Transcribe the data exactly. Pictures stay out.

## GIVEN DATA:

- Opening Delimiter -

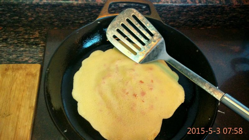 3:不粘锅加油,加热,倒入面糊,稍稍凝固,翻面
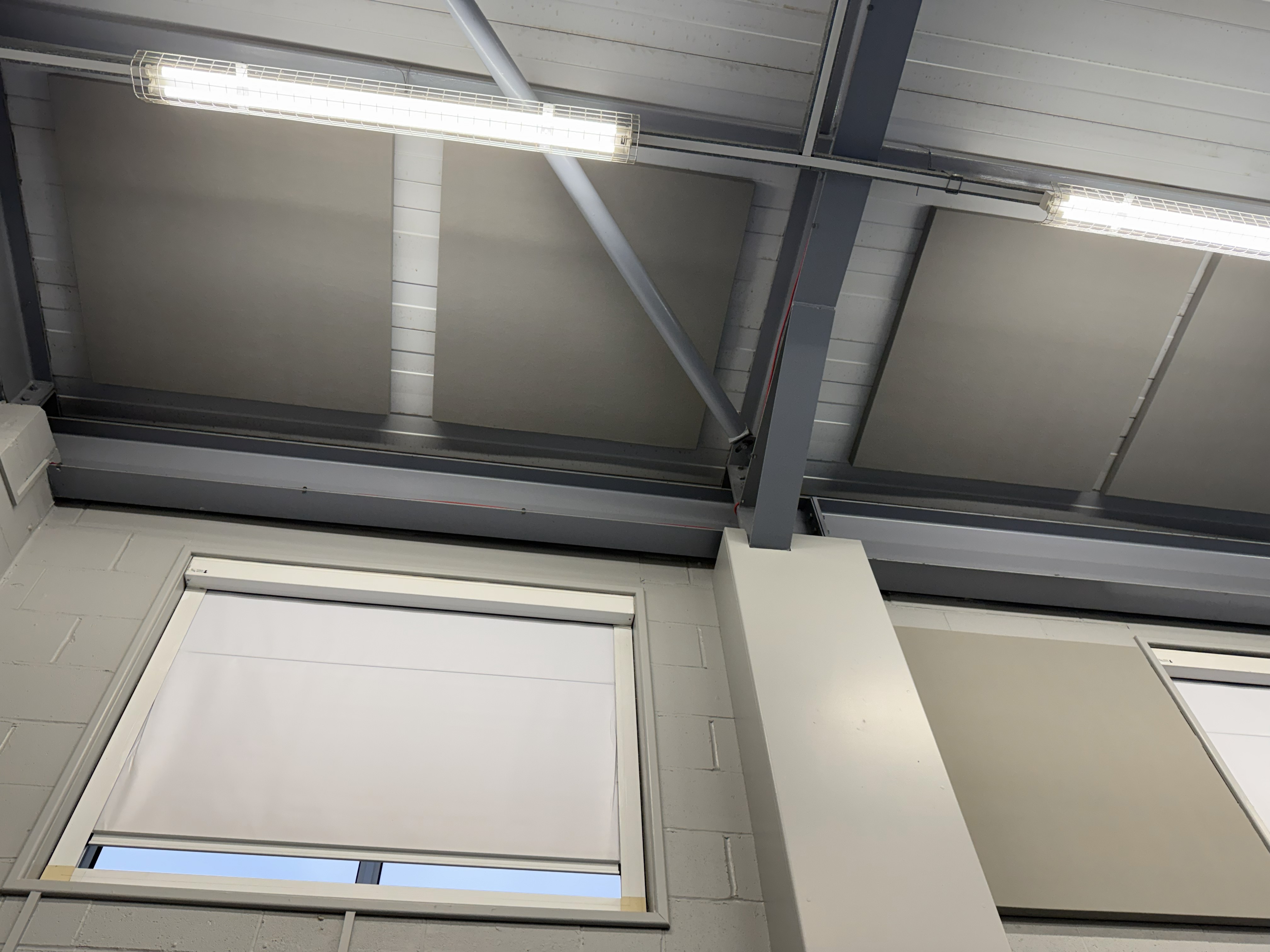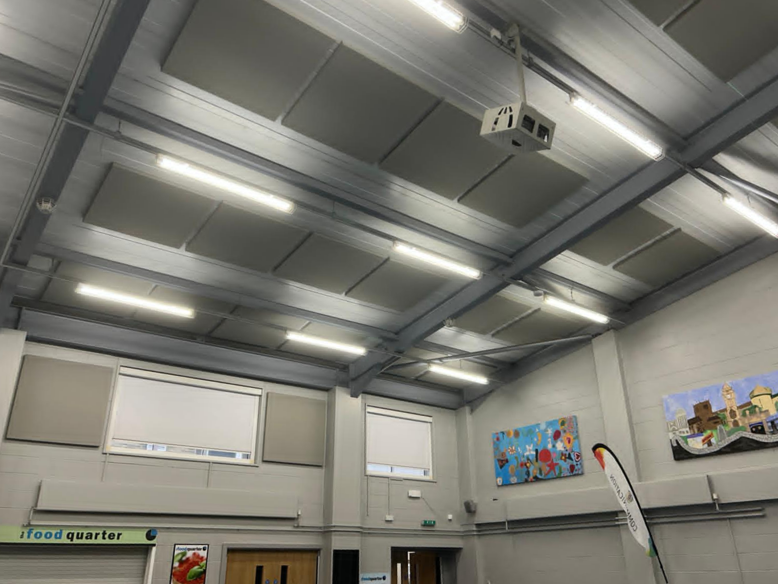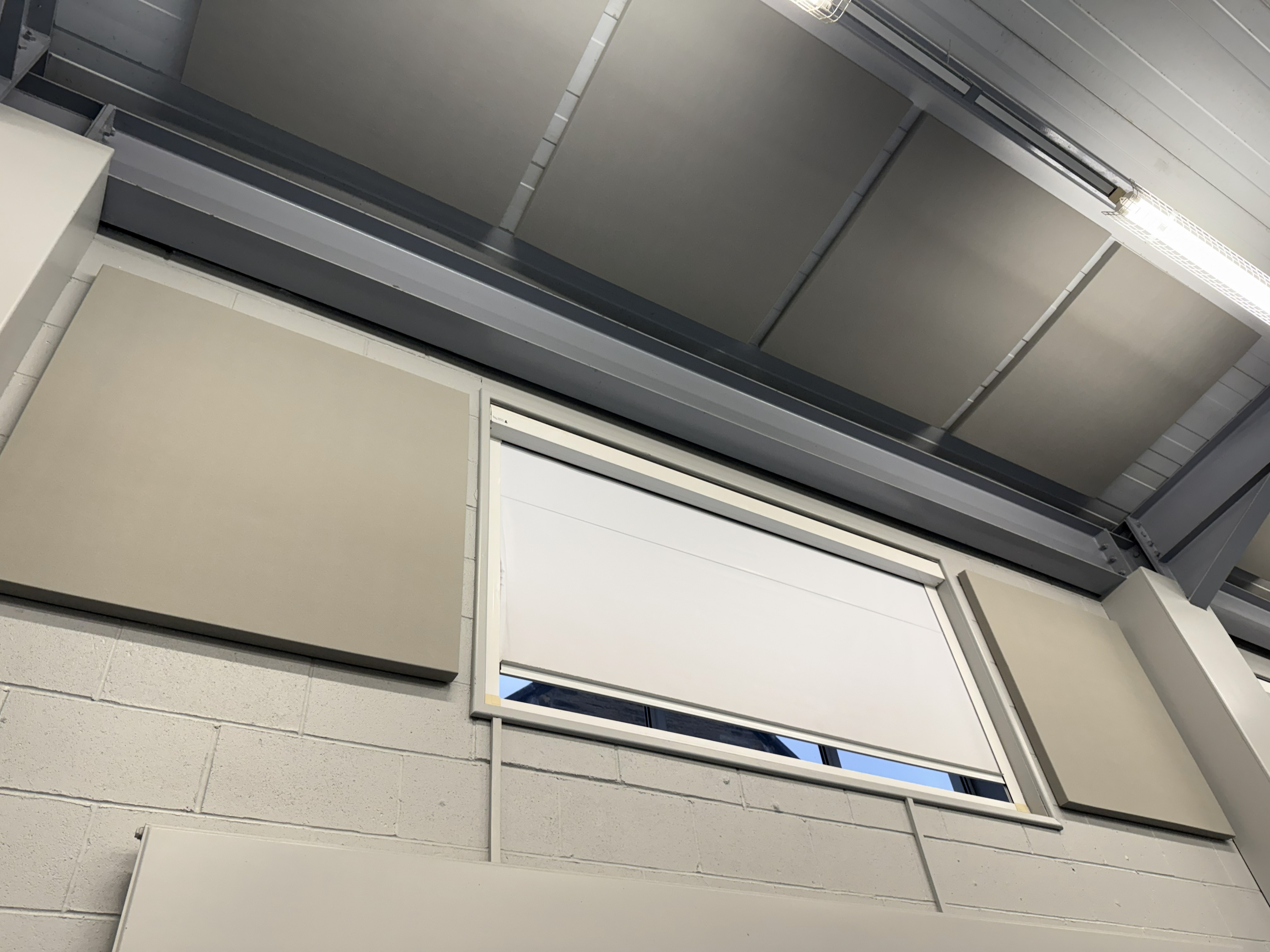 The solution agreed with Sandy Lane was to install 52 x Hush Absorber 50 sound absorption panels within the space to provide 75 sq. m of absorption that did not previously exist. The proposal was to install the 1200mm x 1200mm panels on the soffit within the existing bays created by the ceiling beams and on selected wall locations.
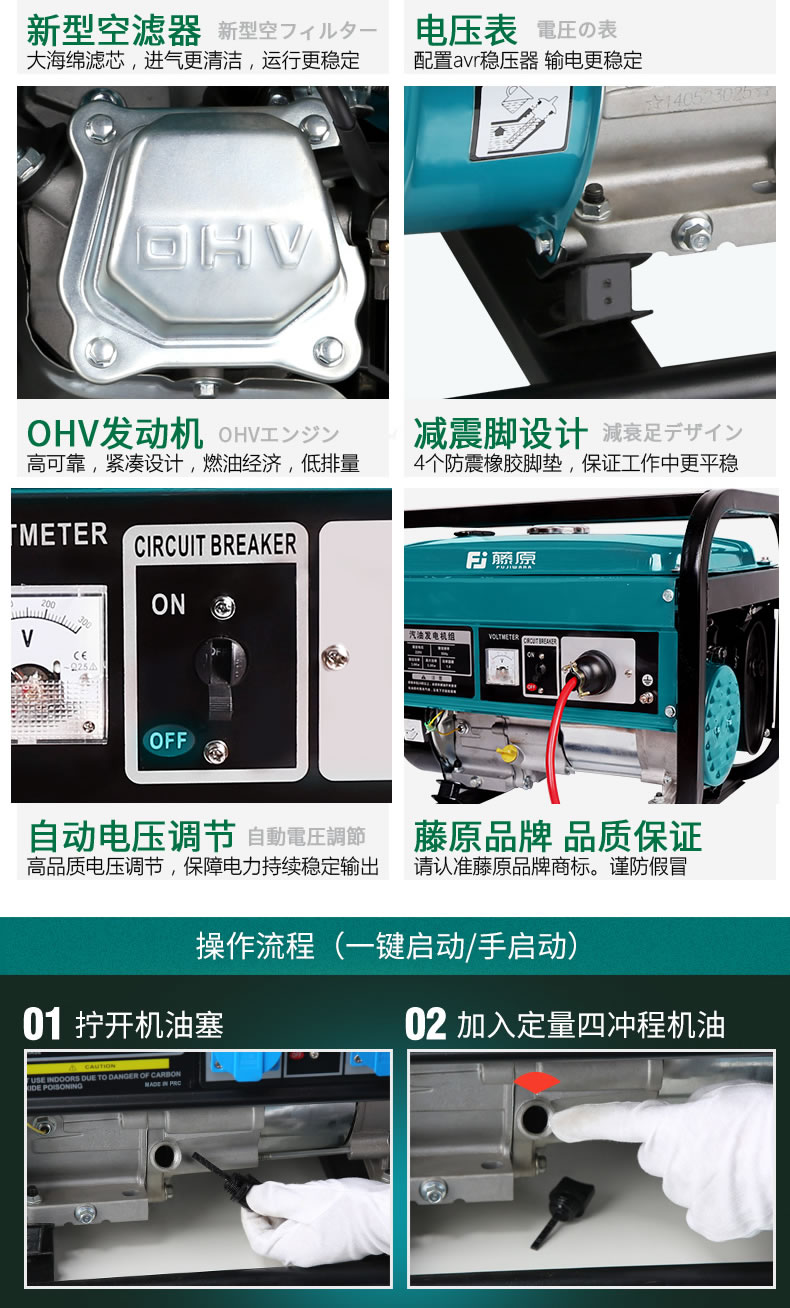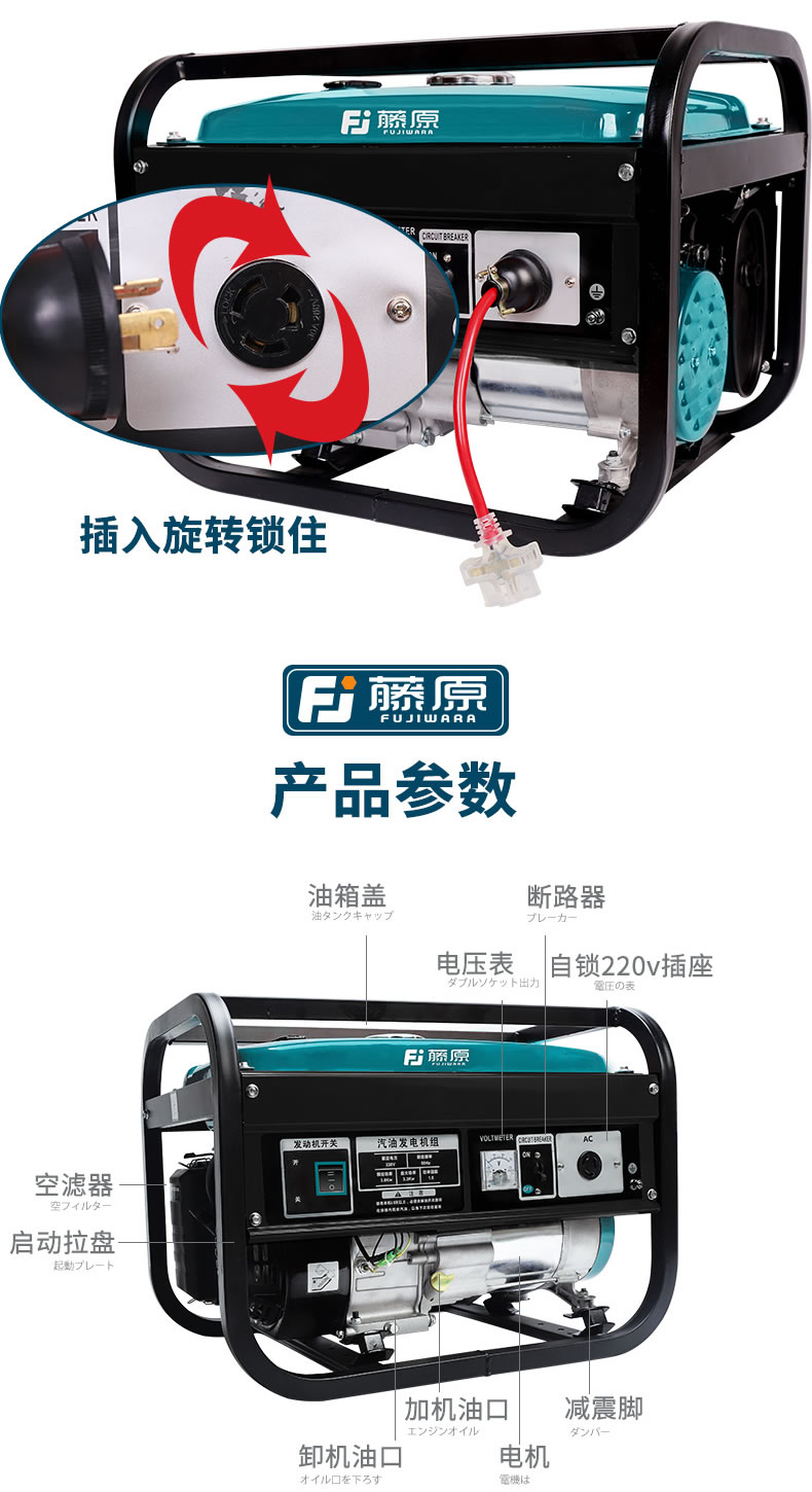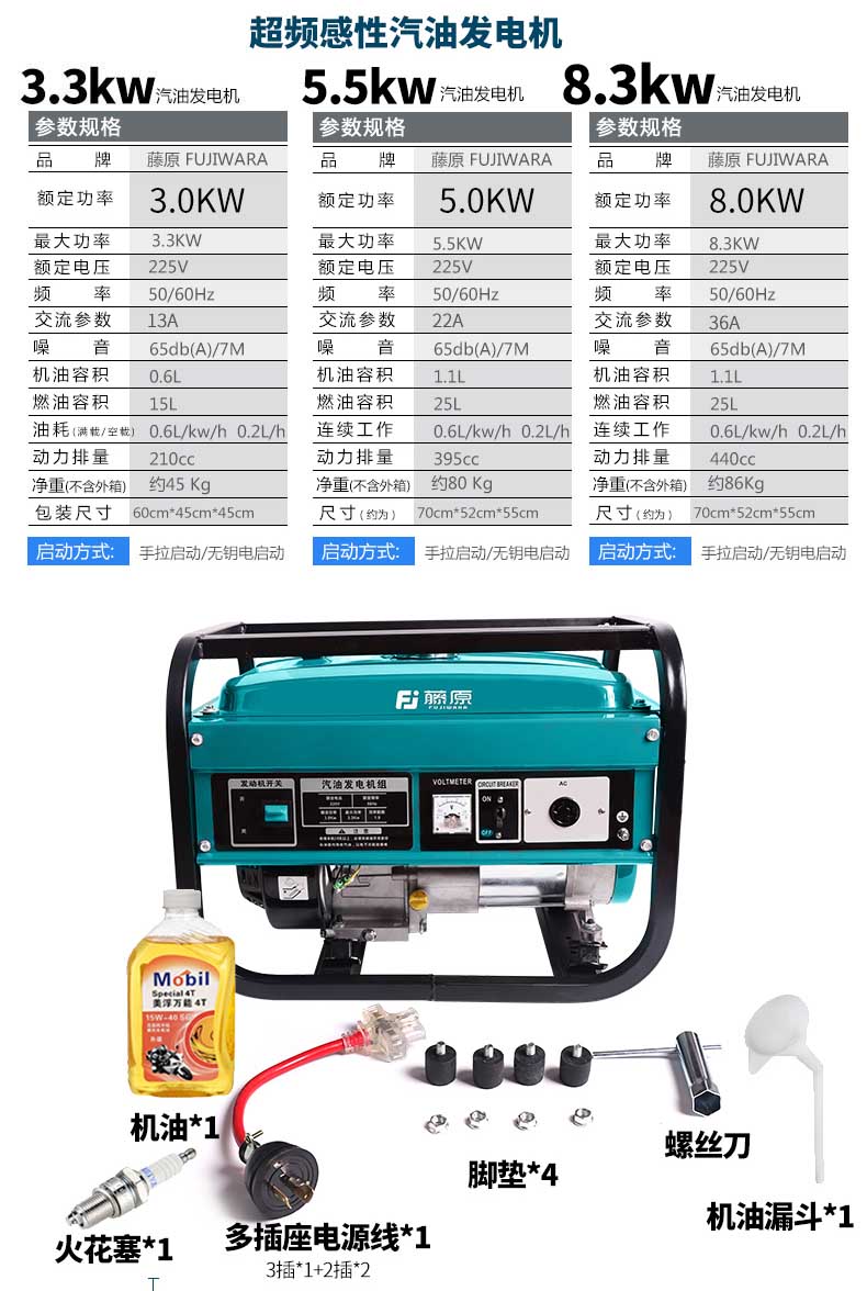 Trang chủ máy phát điện chạy xăng Fujiwara 220v khởi động điện nhỏ không ồn một pha 3kw5kw8kw máy phát điện

- Closing Delimiter -

## SOLUTION FOR THIS EXERCISE:
 3:不粘锅加油,加热,倒入面糊,稍稍凝固,翻面
 The solution agreed with Sandy Lane was to install 52 x Hush Absorber 50 sound absorption panels within the space to provide 75 sq. m of absorption that did not previously exist. The proposal was to install the 1200mm x 1200mm panels on the soffit within the existing bays created by the ceiling beams and on selected wall locations.
 Trang chủ máy phát điện chạy xăng Fujiwara 220v khởi động điện nhỏ không ồn một pha 3kw5kw8kw máy phát điện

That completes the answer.